[Saved data entries]
[Start of section]
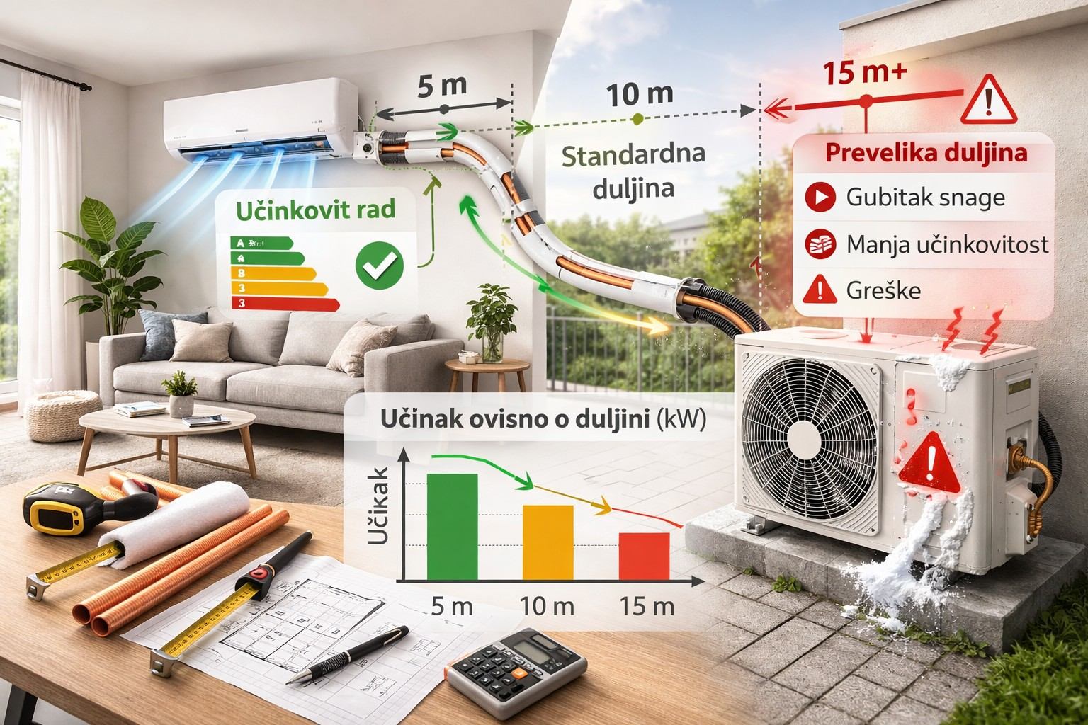 Ako tek birate uređaj, prije ove teme korisno je pogledati master vodič Sve o klima uređajima, pregledati klime po snazi, klime po kvadraturi i isprobati kalkulator klima uređaja. Ovaj članak ne ponavlja opći vodič za odabir klime, nego odgovara na jedno usko i vrlo praktično pitanje: koliko sama duljina trase utječe na stvarni rad sustava.
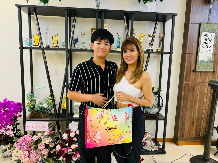 Buổi tối cùng ngày, Băng Châu hạnh phúc trong vòng tay thân yêu của gia đình. Món quà sinh nhật đơn giản nhưng dễ thương của cậu con trai tặng mẹ khiến người mẹ xúc động muốn rơi nước mắt. Tuy mới 14 tuổi nhưng cậu bé đã cao đến 1,78m, có…gene người mẫu của mẹ!
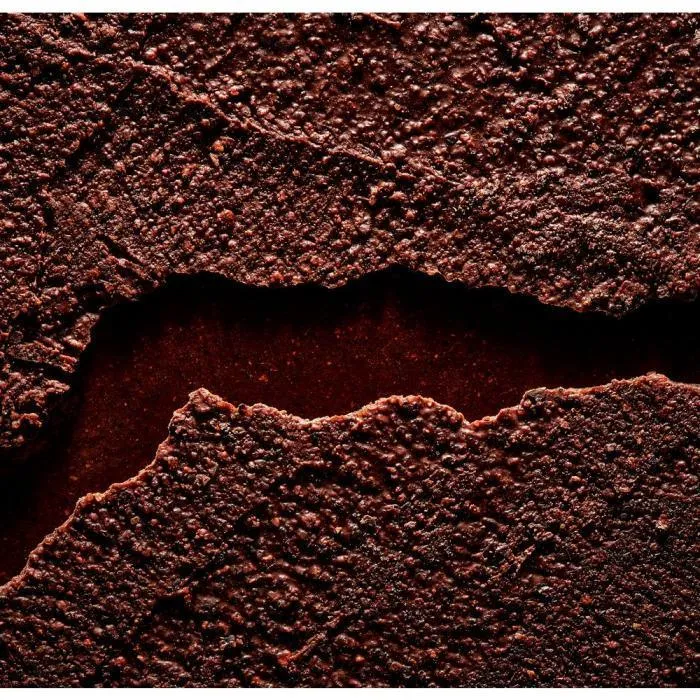Découvrez la couverture noire texturée Oqo 73% de Valrhona, une innovation unique conçue pour les professionnels. Fabriquée avec des fèves de cacao entières non décoquées, cette couverture offre une texture croustillante inédite et un profil aromatique riche et complexe.
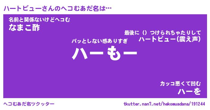 | ポケモン風あだ名 | 『ハーチュウ』『ハートダネ』 |
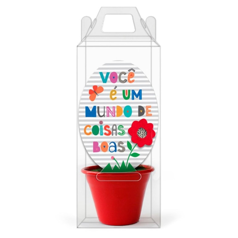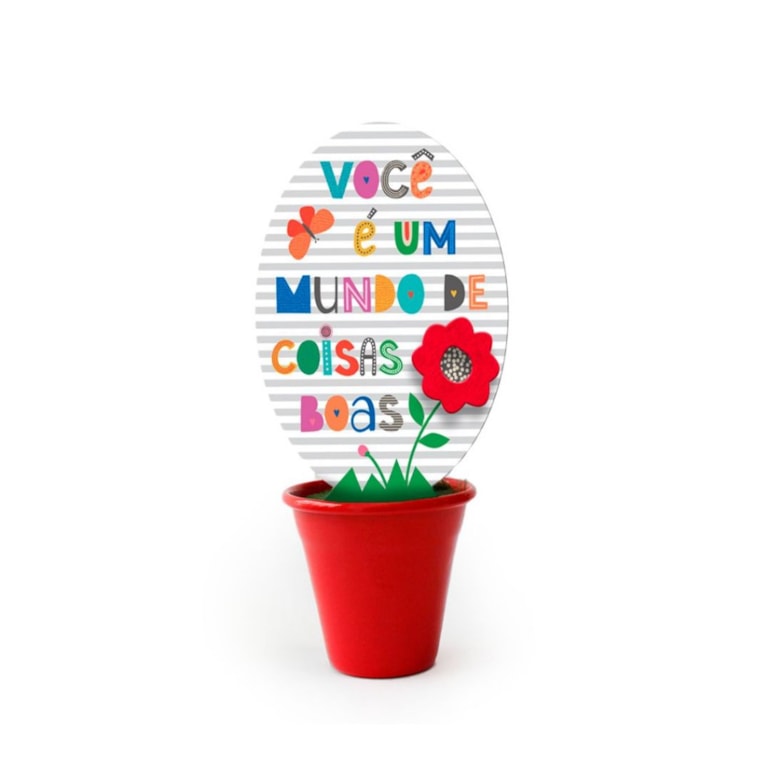 Produzido em materiais de alta qualidade, este vasinho vem com uma tag oval estampada com a frase: “Você é um mundo de coisas boas” em fundo branco com aplique de tecido em forma de florzinha.
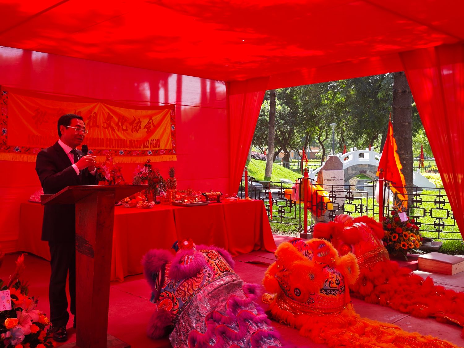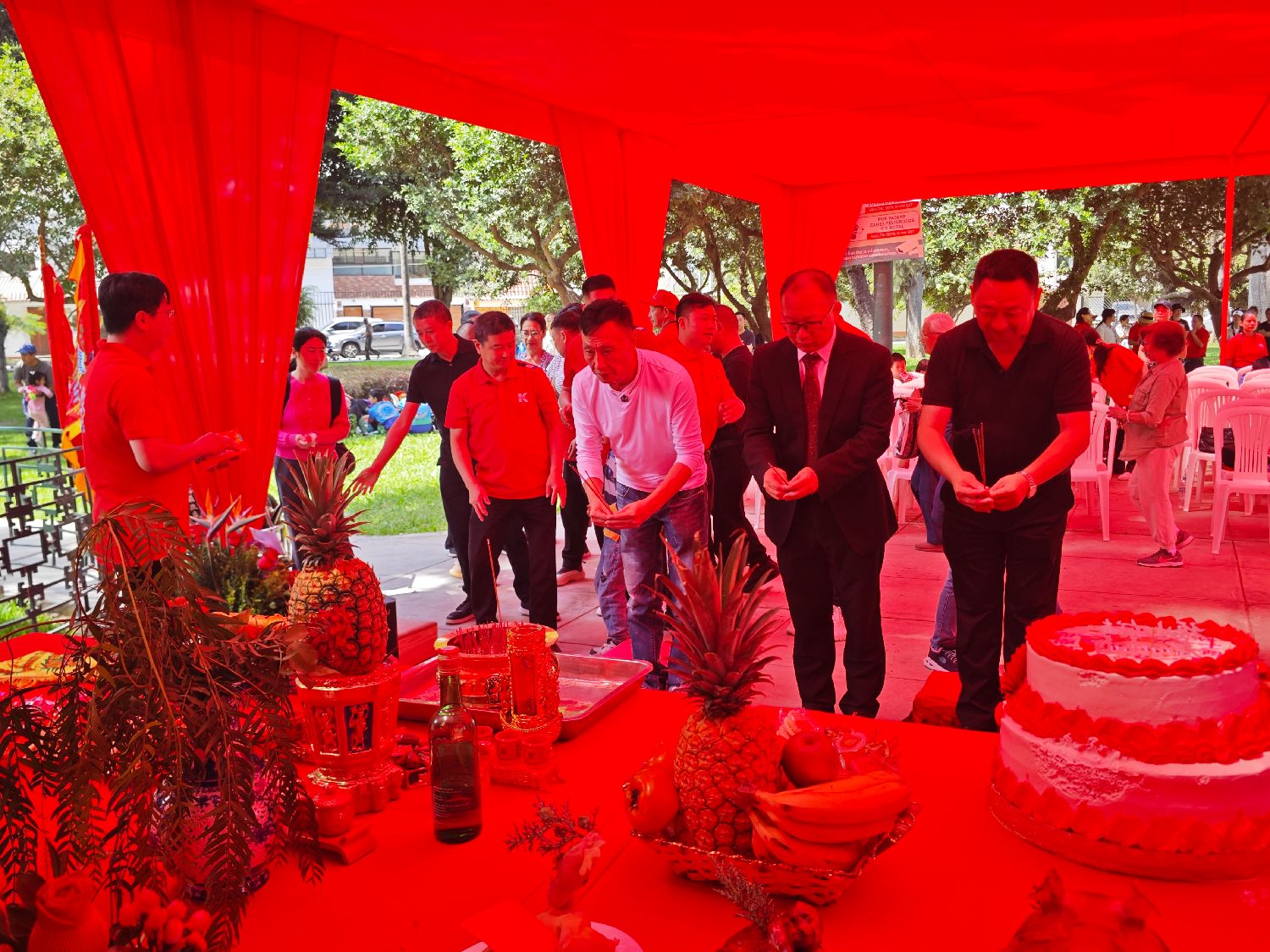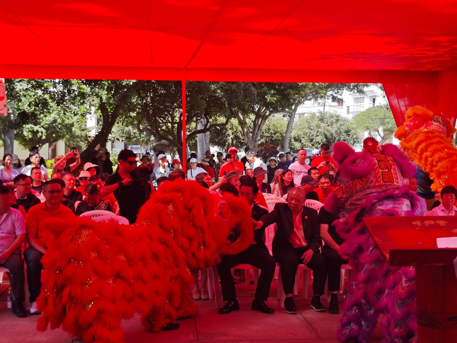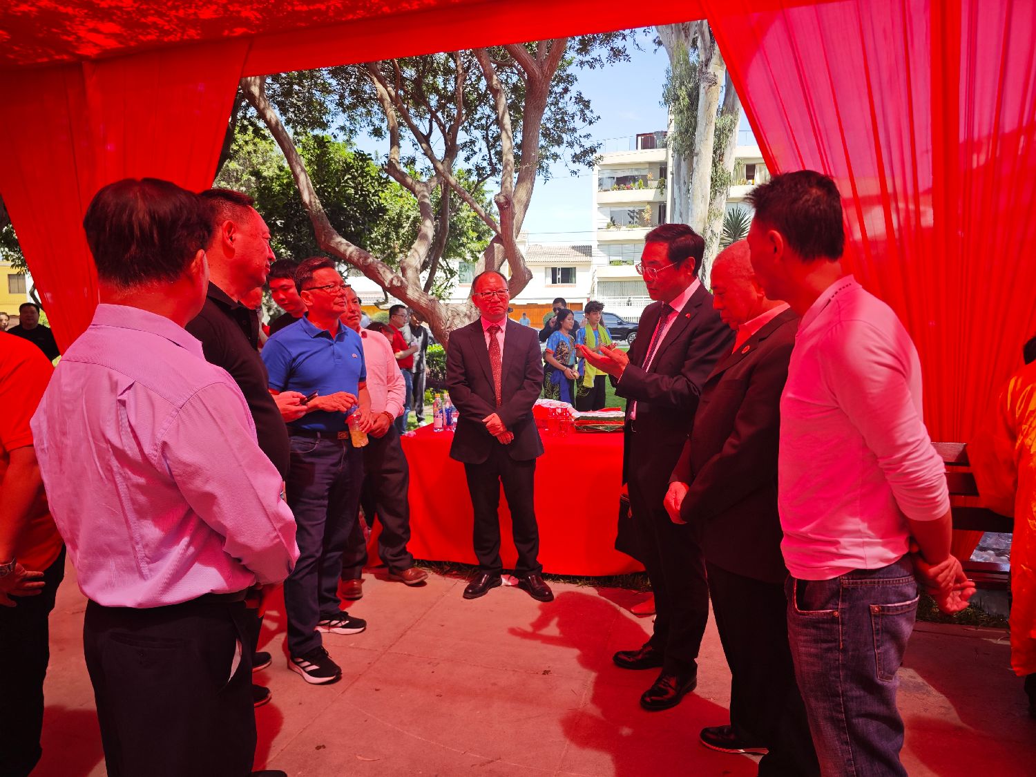 中国驻秘鲁大使馆次旺平措公使、王婧怡领事,秘鲁中华通惠总局主席沈达坚、监事长陈伟业、总协调冯锡荣、理事兼《秘华商报》社长邓振棠、福建同乡会会长杨志华、卢晓、林峰,川渝商会会长李冬生、秘鲁台湾商会会长陈世堂等众多侨团代表和当地民众200余人参加。
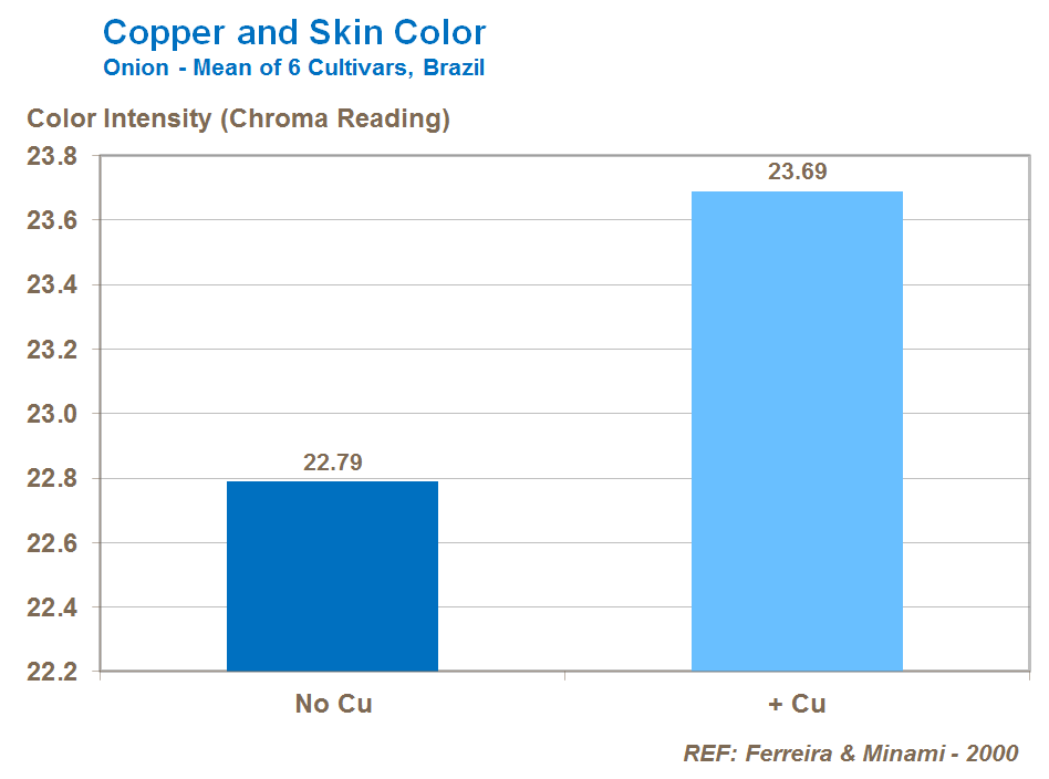 Adequate supplies of copper are important for bulb skin and onion scale development, as a result of the element’s role in lignin production. Trials show that copper can enhance skin color.
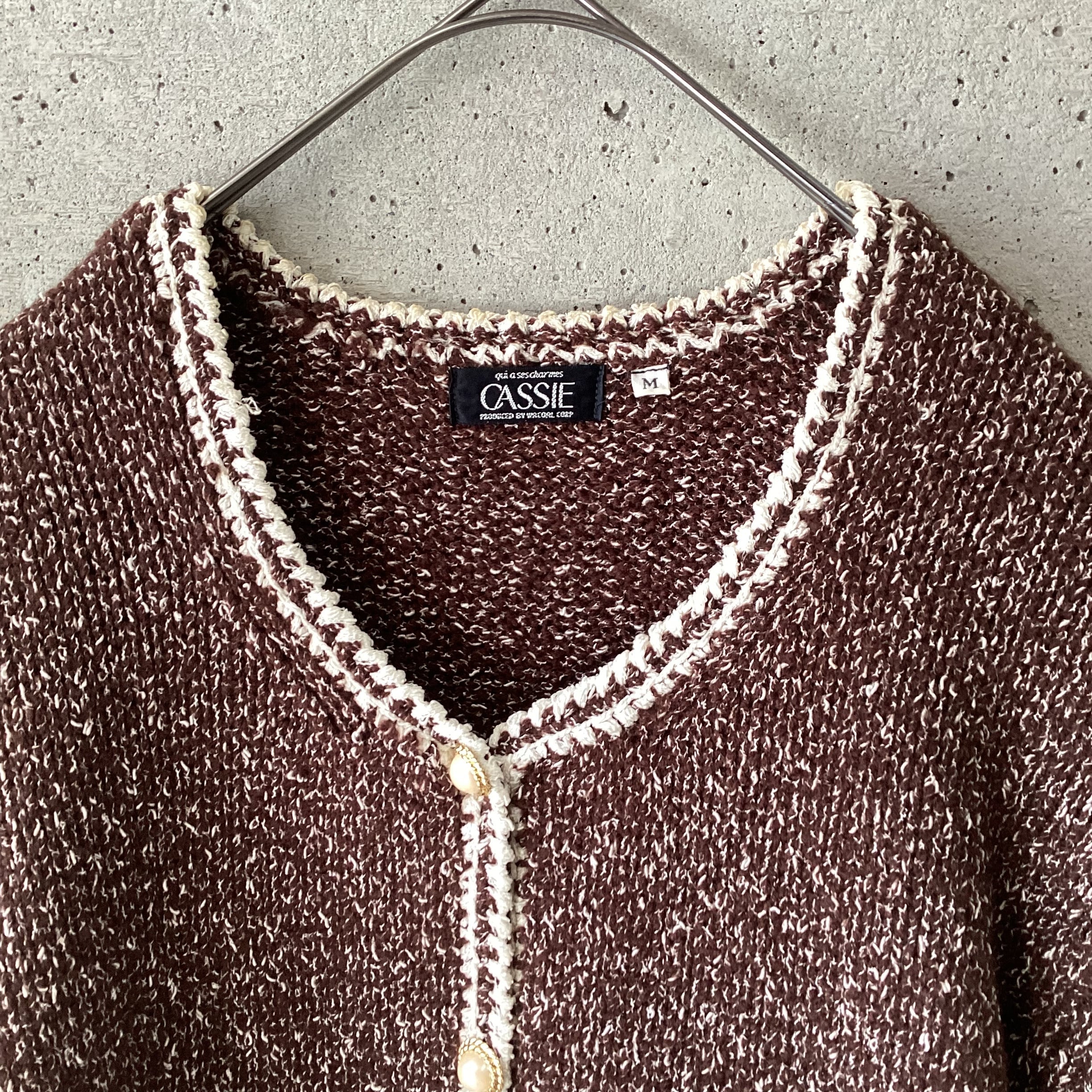 パールボタンや縁取りがツイードジャケットのような上品さを出しつつ、素材はニットなので伸縮性があり、とても着やすいアイテムです。
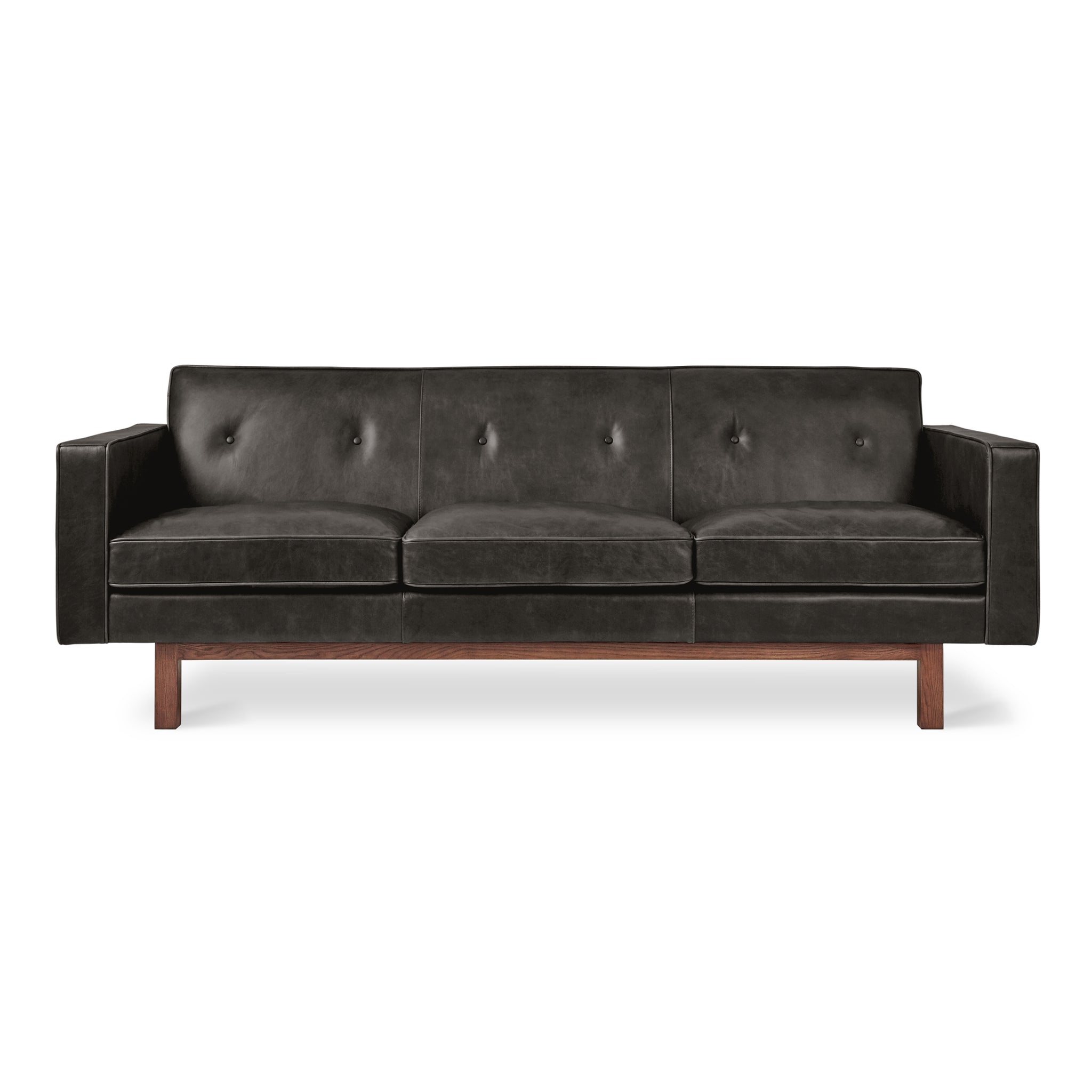 The Embassy Sofa conveys a classic, mid-century style with tailored proportions and refined details. It features a button-tufted, tight back design with piping details throughout, and seat cushions filled with a luxurious feather blend. The frame is supported by a recessed, solid-wood base.
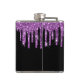 A gift from friends for a girly and glamourous 60th birthday girl. A classic black background with purple faux glitter drips, paint dripping look. Personalise and add a name.The text: The name is written in violet with a modern hand lettered style script. Age 60 is written with a trendy balloon style font.
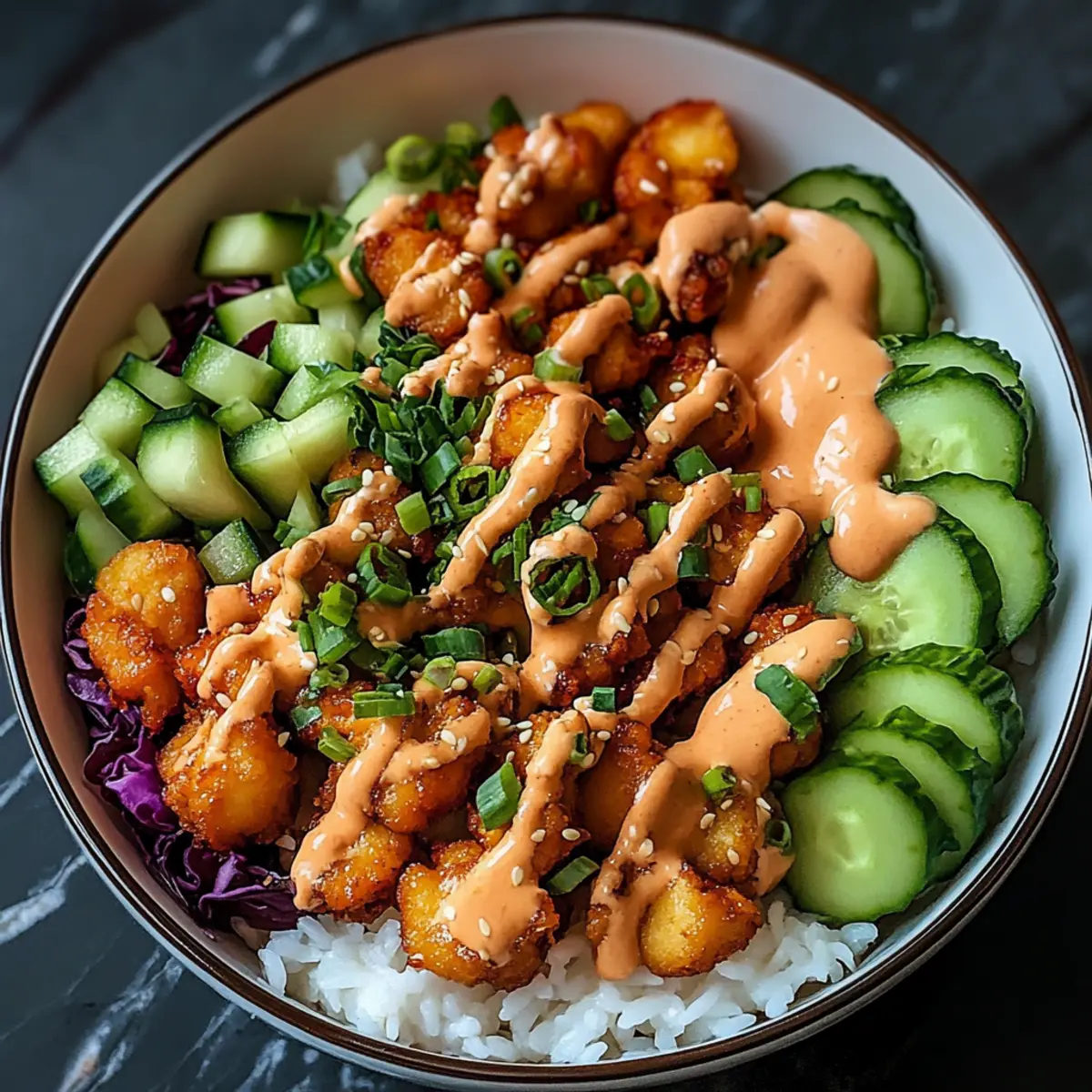 Cucumber Salad: Fresh and crisp, a light cucumber salad adds a refreshing crunch that balances the bowl’s richness.
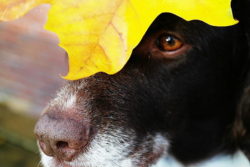 Ze liet zicht zonder enig probleem fotograferen tussen de herfstbladeren. Dit shot vind ik zelf bijzonder: het blad bleef mooi op haar hoofd liggen en met die dromerige blik in haar ogen...
[End of section]
▶ [Task requirements]: In the entries above, find the line with "Produzido em materiais" and the line with "中国驻秘鲁大使馆次旺平措公使". Write out exactly those two lines and every line between them, pictures excluded.

▶ [Output below]:
 Produzido em materiais de alta qualidade, este vasinho vem com uma tag oval estampada com a frase: “Você é um mundo de coisas boas” em fundo branco com aplique de tecido em forma de florzinha.
 中国驻秘鲁大使馆次旺平措公使、王婧怡领事,秘鲁中华通惠总局主席沈达坚、监事长陈伟业、总协调冯锡荣、理事兼《秘华商报》社长邓振棠、福建同乡会会长杨志华、卢晓、林峰,川渝商会会长李冬生、秘鲁台湾商会会长陈世堂等众多侨团代表和当地民众200余人参加。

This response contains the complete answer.